*Task objective*
All of the data that follows is to be written out exactly, with images excluded.

*Source data*
....
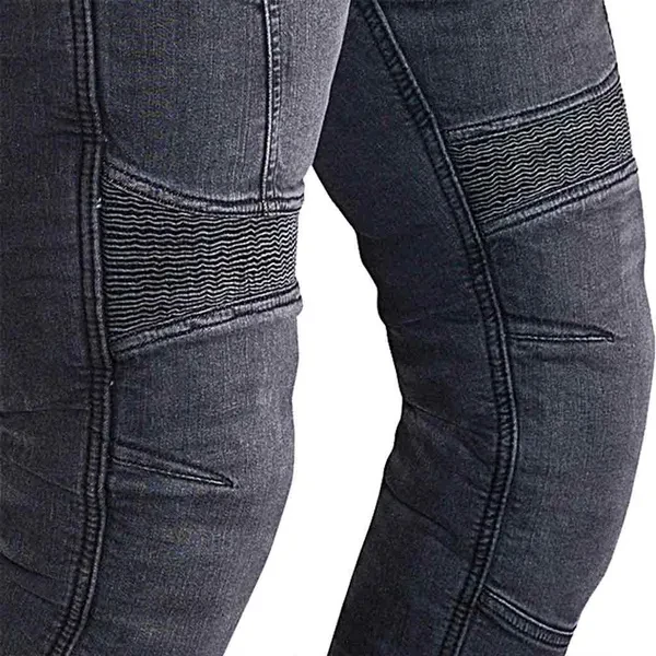 Experience next level of comfort with this biker men jeans pant, made of a heavy duty stretch denim, reinforced with aramid fiber lining, elasticated panels on knee andrear for ultra comfort which makes this jeans pant a perfect pick for casual street riding or touring while removable CE armors for knee and hips leaves you with nothing to worryfor your protection when on two wheels. Features: -Heavy duty stretch Denim fabrics -Reinforced with aramid fiber lining throughout impact areas - hip, thighs and knees -Elastic panels on knees and back for added comfort -YKK zipper fastening -Internal CE standard armor pockets -Regular fit cut -Comes with complementary removable CE standard Armor -Available in a variety of colors (Browse our collection to pick your favorite one) Material: -98% cotton and 2% spandex -Lined with 100% DuPont Kevlar fiber -100% Polyester mesh lining -YKK zippers Package Includes: -1 xMotorcycle RidingJeans Pant -1 x Set of CE standard armors (Hip and Knee pads) DuPont and Kevlar are trademarks of affiliates of DuPont de Nemours, Inc.
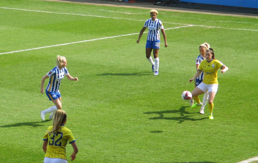 Birmingham took the lead though in the 9th minute when Sarri picked the ball up in her own half and ran through the Brighton defence and finished with a low shot that Megan Walsh got a hand to but not enough to stop the ball from finding the corner of the net.
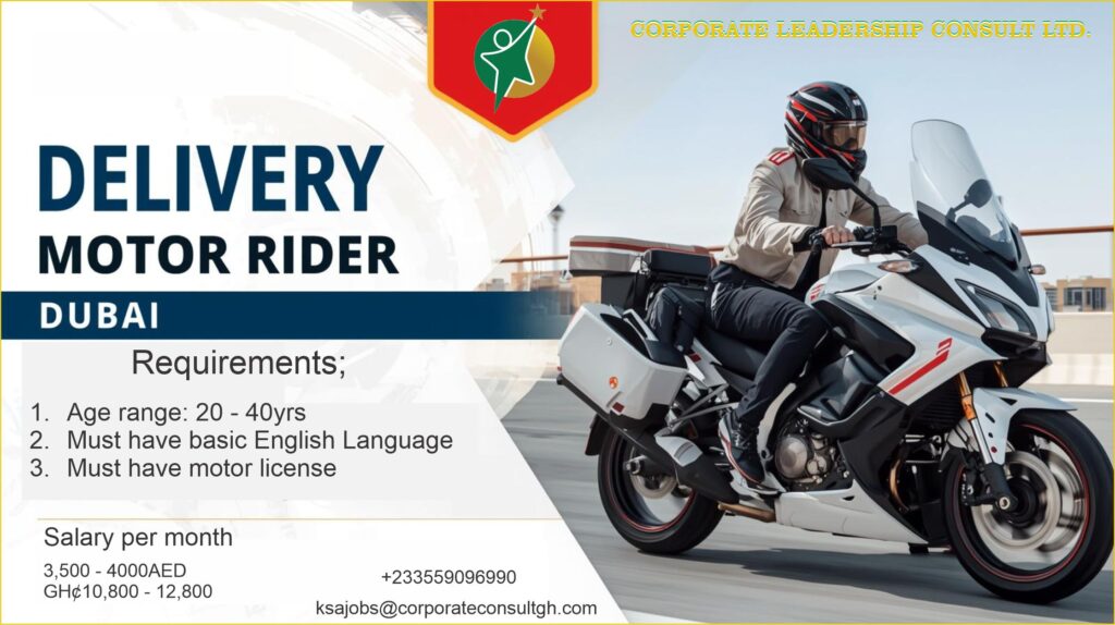 • Monthly salary: AED 3,500 – 4,000 (GH¢ 10,800 - 12,800)
....
*Your response*
 Experience next level of comfort with this biker men jeans pant, made of a heavy duty stretch denim, reinforced with aramid fiber lining, elasticated panels on knee andrear for ultra comfort which makes this jeans pant a perfect pick for casual street riding or touring while removable CE armors for knee and hips leaves you with nothing to worryfor your protection when on two wheels. Features: -Heavy duty stretch Denim fabrics -Reinforced with aramid fiber lining throughout impact areas - hip, thighs and knees -Elastic panels on knees and back for added comfort -YKK zipper fastening -Internal CE standard armor pockets -Regular fit cut -Comes with complementary removable CE standard Armor -Available in a variety of colors (Browse our collection to pick your favorite one) Material: -98% cotton and 2% spandex -Lined with 100% DuPont Kevlar fiber -100% Polyester mesh lining -YKK zippers Package Includes: -1 xMotorcycle RidingJeans Pant -1 x Set of CE standard armors (Hip and Knee pads) DuPont and Kevlar are trademarks of affiliates of DuPont de Nemours, Inc.
 Birmingham took the lead though in the 9th minute when Sarri picked the ball up in her own half and ran through the Brighton defence and finished with a low shot that Megan Walsh got a hand to but not enough to stop the ball from finding the corner of the net.
 • Monthly salary: AED 3,500 – 4,000 (GH¢ 10,800 - 12,800)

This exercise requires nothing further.